From "Elementary Methods in Number theory" by 'Melvyn B. Nathanson',
I know from Merten's first theorem that $\displaystyle R(x)=\sum_{p\leq x}\dfrac{\ln p}p-\ln x=O(1)$ but can it be $O\left(\dfrac{\ln^4x}{x^{1.5}}\right)$ at least for large numbers?
because the thing is, I showed, $$\pi(x)-\operatorname{li}(x)=\sum_{n\leq x}a_n\operatorname{li}(n)-\sum_{n\leq x}a_n\operatorname{li}(n)\left(\operatorname{li}(n)-\dfrac n{\ln n}\right)$$ where $\operatorname{li}(x)$ is the logarithmic integral ($\operatorname{Li}(x)+1.04$) and $\sum_{n\leq x}a_n=R(x)$
$\therefore a_n=O\left(\frac{\ln^4x}{x^{1.5}}\right)$ only if we consider $R(x)=\left(\tfrac{\ln^4x}{x^{1.5}}\right)$, which is my question
(and also the Riemann's hypothesis).
Obviously not.

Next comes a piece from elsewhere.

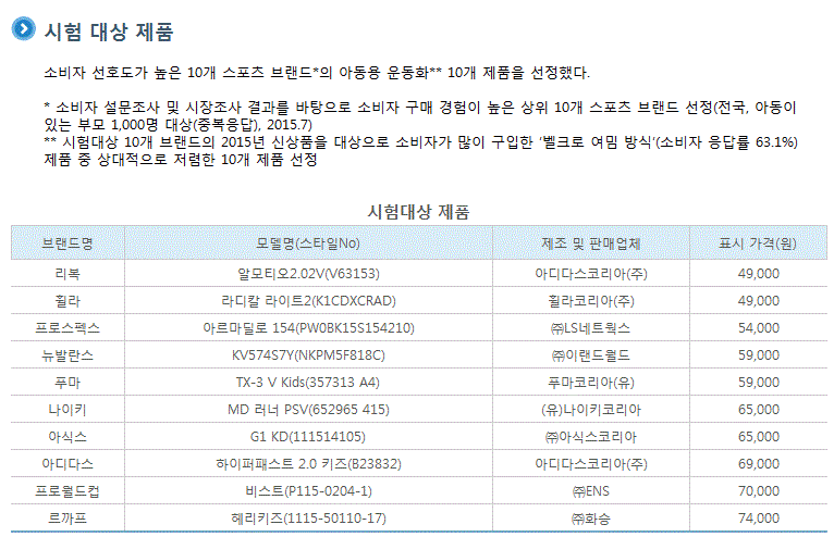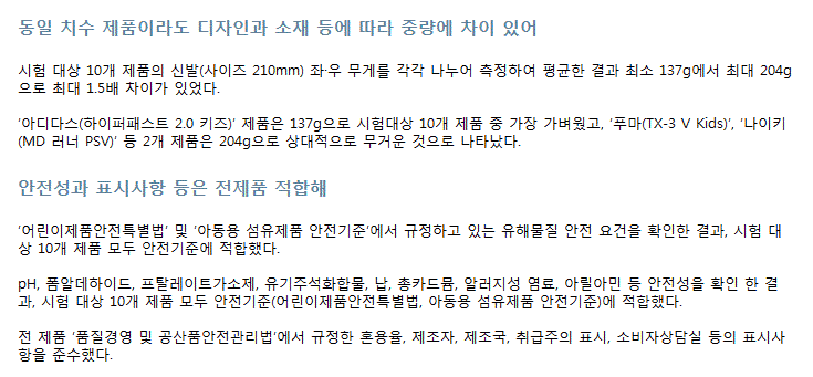 이에 한국소비자원은 소비자가 선호하는 ‘스포츠 브랜드 아동용 운동화 10개 제품’을 대상으로
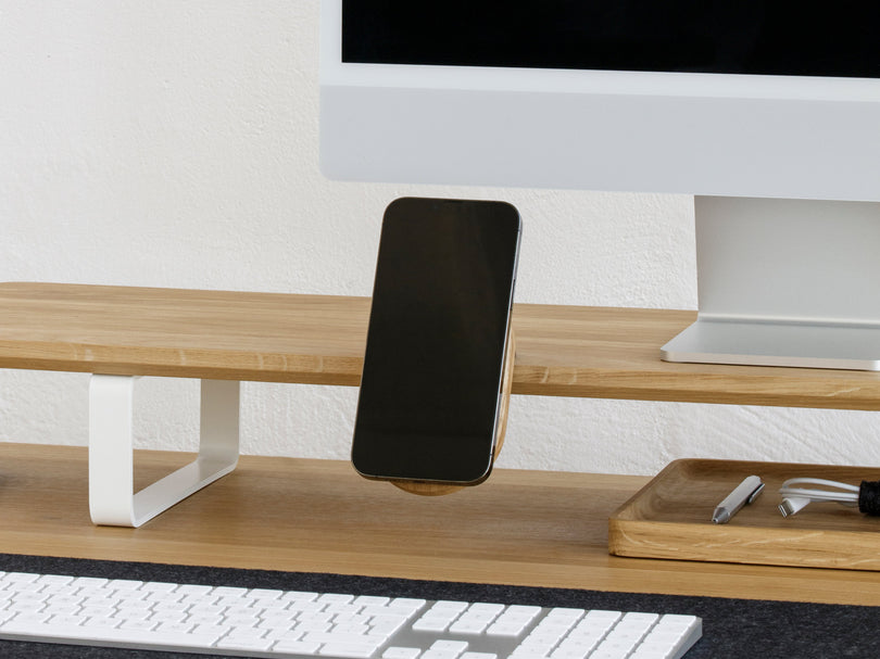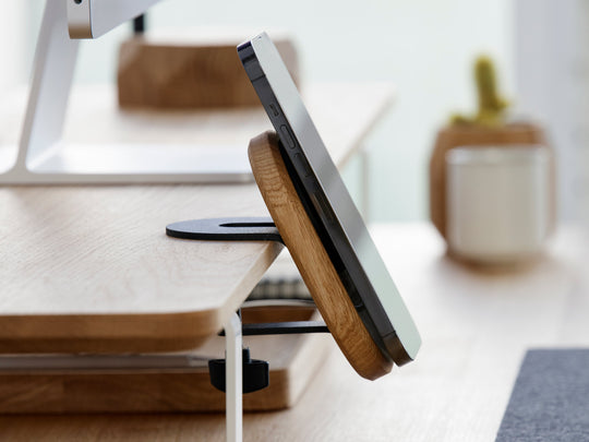 MagSafe iPhone Desk Shelf Holder to multifunkcjonalny uchwyt na iPhone'a, dzięki któremu skutecznie zoptymalizujesz przestrzeń wykorzystywaną do pracy. Przymocuj uchwyt do półki na biurku i wygodnie korzystaj z telefonu podczas wideokonferencji lub rozmów, nie ryzykując rozładowania baterii.

Your asymptotics tend to $0$ for large $x$, whereas that $O(1)$ term in Merten's theorem is $\geq 1$. Precisely,
$$\lim_{x \to \infty} \left | \sum_{p \leq x} \frac{\log p}{p} - \log(x) \right | \approx 1.3325$$
This is usually denoted as $B_3$.
As a final note, your formulation of Merten's theorem is incorrect, and presumably you meant to take the absolute value at the difference.